Your objective: A partial copy is required: transcribe exactly the lines from the one containing "An additional tags" through the last line below, without any pictures.

Data listing:
-------
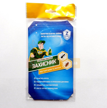 Захисник (Захисник) клейова пастка від тарганів і мурах - являє собою картонну пластину, яка складається у вигляді хатинки. На внутрішній бік пастки нанесений шар клею. Для залучення комах та заманювання їх усередину на клейовій основі є незначна кількість атрактанта. Зовнішній бік пастки має яскраве забарвлення, містить інформацію виробника щодо застосування, зберігання, утилізації. Поштучно упакована у прозору полімерну плівку.
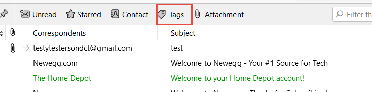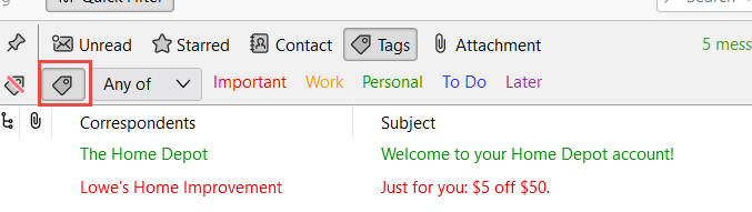 An additional tags toolbar will display. From this toolbar, messages to display with all tags, individual tags, or a combination of tags can be selected. As in Thunderbird, tagged messages can be selected:
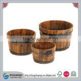 FIR WOOD APPLE BARREL PLANTER TRIO
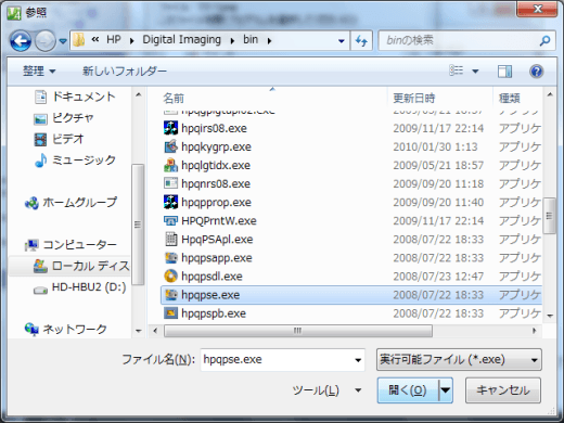 - [プログラムから開く]ダイアログボックスの[参照]ボタンをクリックします。
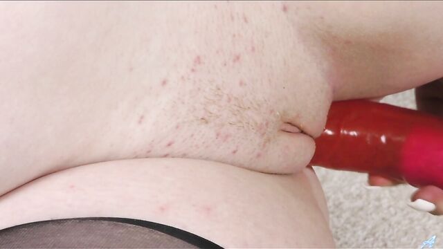 Alluring redhead Bella Hunter shoves a toy in her wet shaved pussy
-------
Expected output:
 An additional tags toolbar will display. From this toolbar, messages to display with all tags, individual tags, or a combination of tags can be selected. As in Thunderbird, tagged messages can be selected:
 FIR WOOD APPLE BARREL PLANTER TRIO
 - [プログラムから開く]ダイアログボックスの[参照]ボタンをクリックします。
 Alluring redhead Bella Hunter shoves a toy in her wet shaved pussy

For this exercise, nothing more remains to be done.